(Items from a dataset)
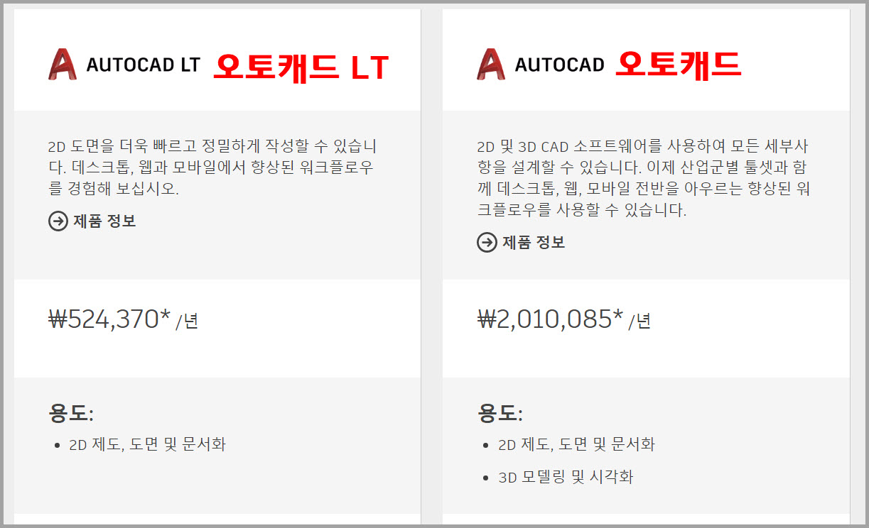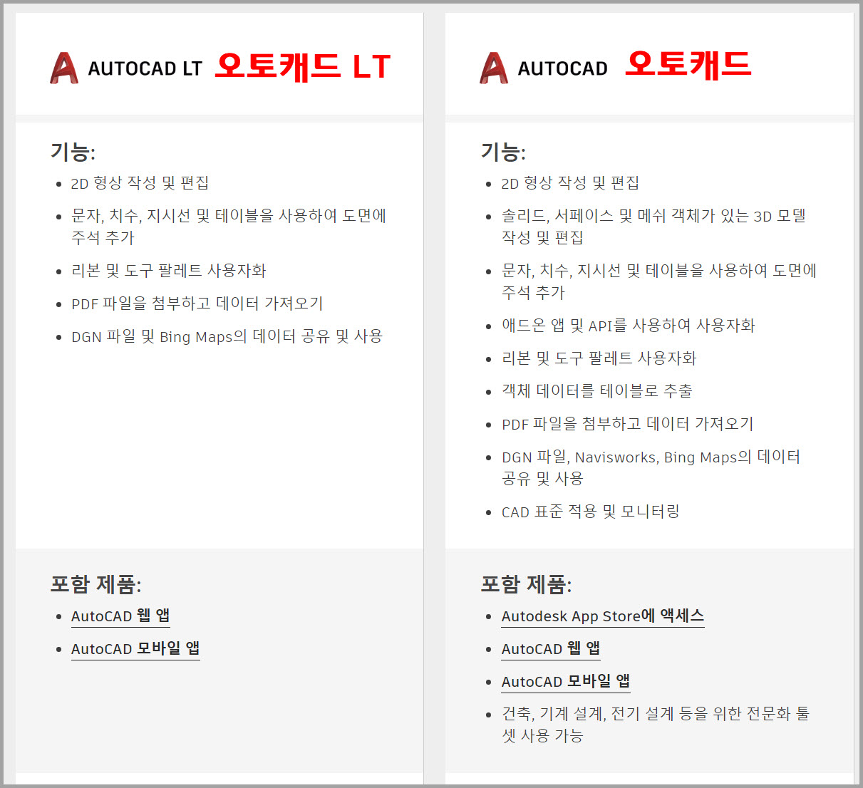 오토캐드라고 한 가지 제품만 있는 것이 아니다. 3D 기능을 가진 오토캐드에서 3차원을 제외해 쉽게 사용할 수 있는 2D 기능을 가진 오토캐드 LT라는 제품이 있다. 아래 그림은 오토캐드 LT와 오토캐드의 비교로 가격 및 기능을 참고했으면 한다. 그림을 보면 알겠지만 오토캐드 LT는 3D 기능 및 포함 제품이 적어서 가격을 저렴하다.
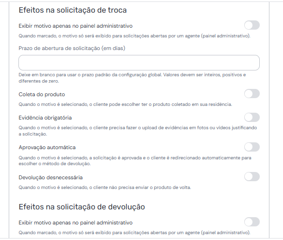Caso o motivo esteja disponível para troca e devolução, será necessário configurar as regras para ambas as ações.Configurações disponíveis:
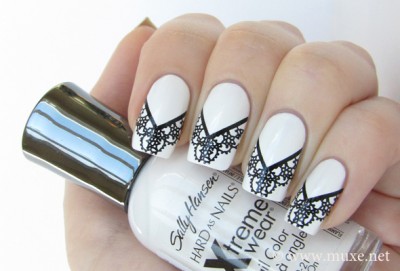Решила продумать свадебный маникюр. Ногти я наращиваю, так что с длиной проблем не будет. Форма скорее всего квадратная. Хочу френчик, но с какими-нибудь интересными элементами. Что-нибудь черно-белое с фуксией. Может с дамаском или хотя бы с кружевным узорчиком. Может у кого в закромах есть интересные картинки? Вот, что я нашла. №1. Вложение:
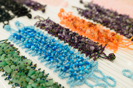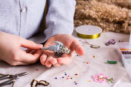 Close up of hands woman jewelry designer. She is sitting at a workspace with tools on it and is creating jewelry by stringing beads on fishing line. The process of creating jewelry. Small business.
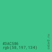 Цвет #3AC586 в цветовой модели RGB обозначается тремя октетами (58, 197, 134) в десятичном формате и #3AC586 в шестнадцатиричном (hex) формате, которые являются интенсивностью красного 58 (hex 3A), интенсивность зелёного 197 (hex C5) и интенсивность синего 134 (hex 86).
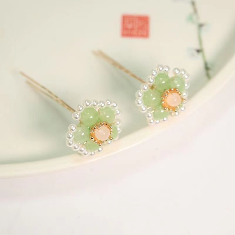 古风仿珍珠花朵发钗汉服明制唐风宫廷点缀掩鬓小钗日常盘发U型簪
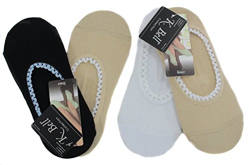 K. Bell cotton blend liner socks in a four pair value pack. These lace trimmed liner socks are a wardrobe essential You will receive four pair: one pair white, one pair in black and 2 pair in nude/beige. Perfect with flats or any time you want your feet dry and comfortable. Liners are 60% cotton,19% nylon,19% polyester.2 % spandex. Machine wash cold, gentle. Tumble dry low.Feature
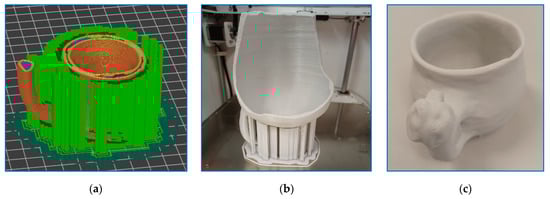 View of the objects: (a) layered model of the jug ready for printing (25% of the height); (b) a printed replica of the jug with supports; (c) a printed mug after cleaning it off supports.
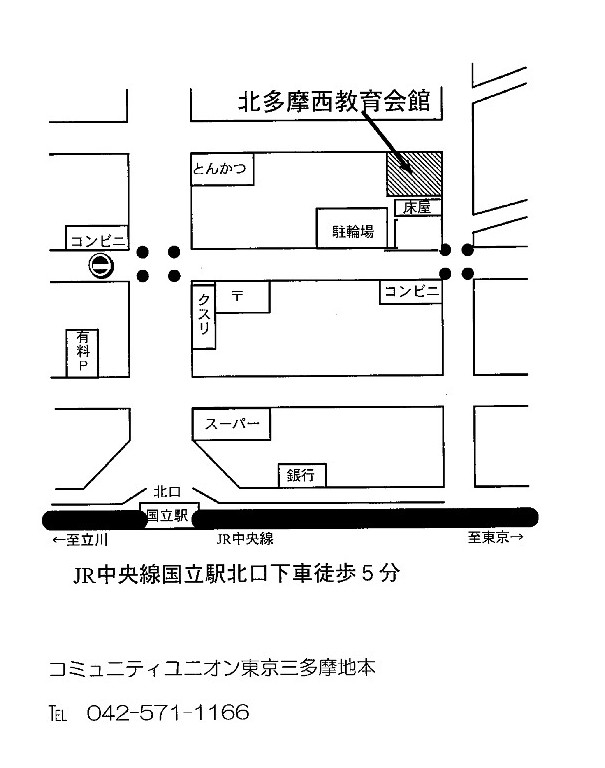 ユニオンの事務所 ⇒東京都国分寺市光町1-40-12 北多摩西教育会館1階
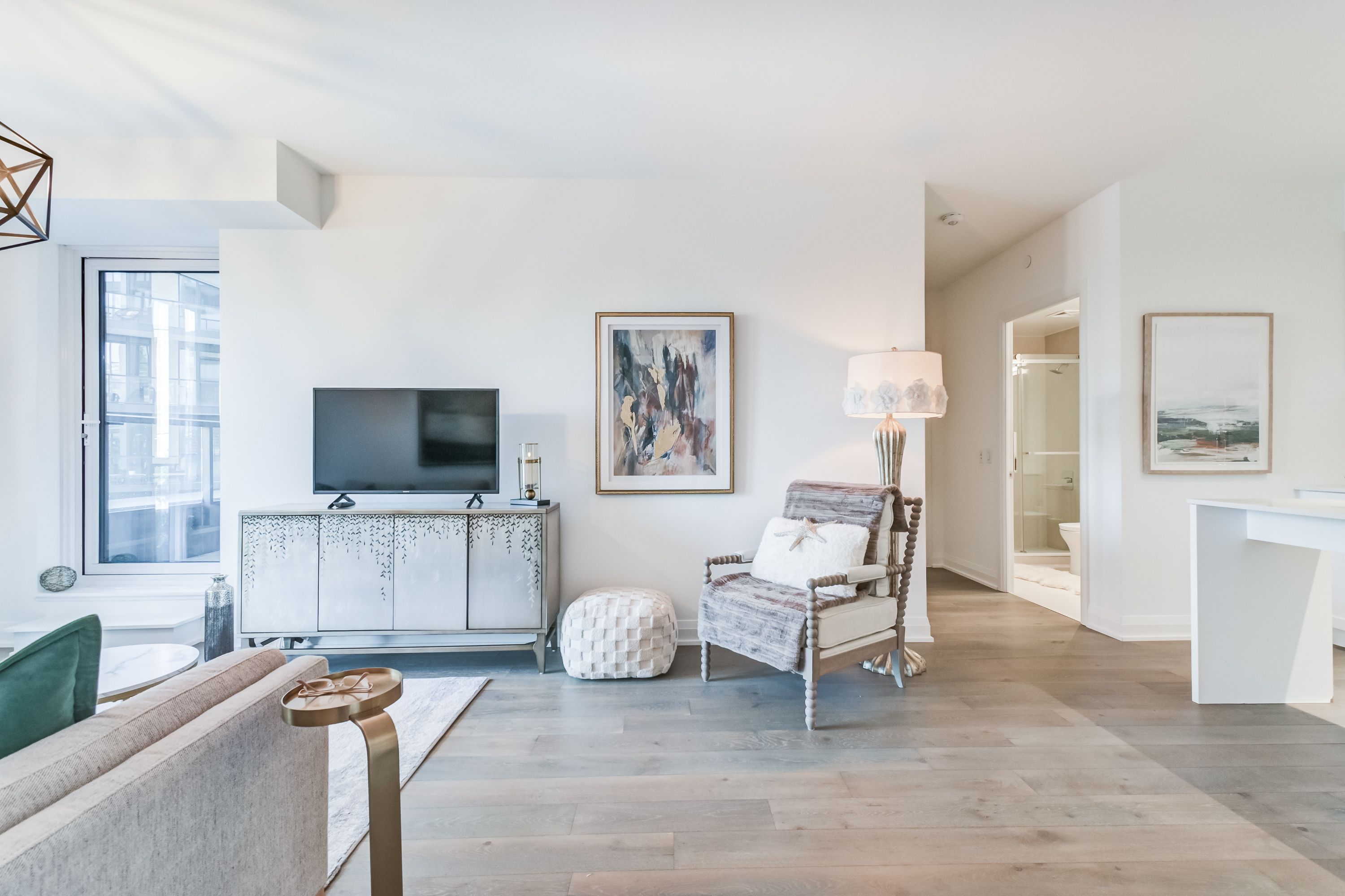 Step into this beautifully designed 2-bedroom, 2-bathroom condo offering a functional split layout and timeless finishes. The primary suite features a 3-piece ensuite and a walk-in closet, second bedroom with double wide closet and easy access to the full second bath. Impeccably maintained with 9-foot ceilings, wide-plank engineered wood flooring, smooth ceilings, and a bright east-facing view over the courtyard. The modern kitchen boasts caesarstone counters, a backsplash, centre island, and stainless steel appliances. Designed by the award-winning quadrangle architects, the building offers exceptional amenities. State-of-the-art, 3,420 sq ft fitness studio was conceived, planned and equipped by matt nichol, a world-renowned strength and conditioning coach. Enjoy the outdoors from the expansive rooftop terrace with breathtaking views of the neighbouring green space. With a firepit, gazebo, trellis, and lounge-style seating, it's the perfect place to host a party. Additional amenities include social and lifestyle spaces curated by patton design studio - a dining room with a caterer's kitchen, party room, a games area with billiards and foosball, pet wash station, and guest suites. Welcome to 293 the kingsway, an address of distinction.

#### About this task:
Here the job is to copy the stretch of records from the line containing "Caso o motivo" through the line containing "K. Bell cotton", word for word. Leave every picture out.

#### Response box:
Caso o motivo esteja disponível para troca e devolução, será necessário configurar as regras para ambas as ações.Configurações disponíveis:
Решила продумать свадебный маникюр. Ногти я наращиваю, так что с длиной проблем не будет. Форма скорее всего квадратная. Хочу френчик, но с какими-нибудь интересными элементами. Что-нибудь черно-белое с фуксией. Может с дамаском или хотя бы с кружевным узорчиком. Может у кого в закромах есть интересные картинки? Вот, что я нашла. №1. Вложение:
 Close up of hands woman jewelry designer. She is sitting at a workspace with tools on it and is creating jewelry by stringing beads on fishing line. The process of creating jewelry. Small business.
 Цвет #3AC586 в цветовой модели RGB обозначается тремя октетами (58, 197, 134) в десятичном формате и #3AC586 в шестнадцатиричном (hex) формате, которые являются интенсивностью красного 58 (hex 3A), интенсивность зелёного 197 (hex C5) и интенсивность синего 134 (hex 86).
 古风仿珍珠花朵发钗汉服明制唐风宫廷点缀掩鬓小钗日常盘发U型簪
 K. Bell cotton blend liner socks in a four pair value pack. These lace trimmed liner socks are a wardrobe essential You will receive four pair: one pair white, one pair in black and 2 pair in nude/beige. Perfect with flats or any time you want your feet dry and comfortable. Liners are 60% cotton,19% nylon,19% polyester.2 % spandex. Machine wash cold, gentle. Tumble dry low.Feature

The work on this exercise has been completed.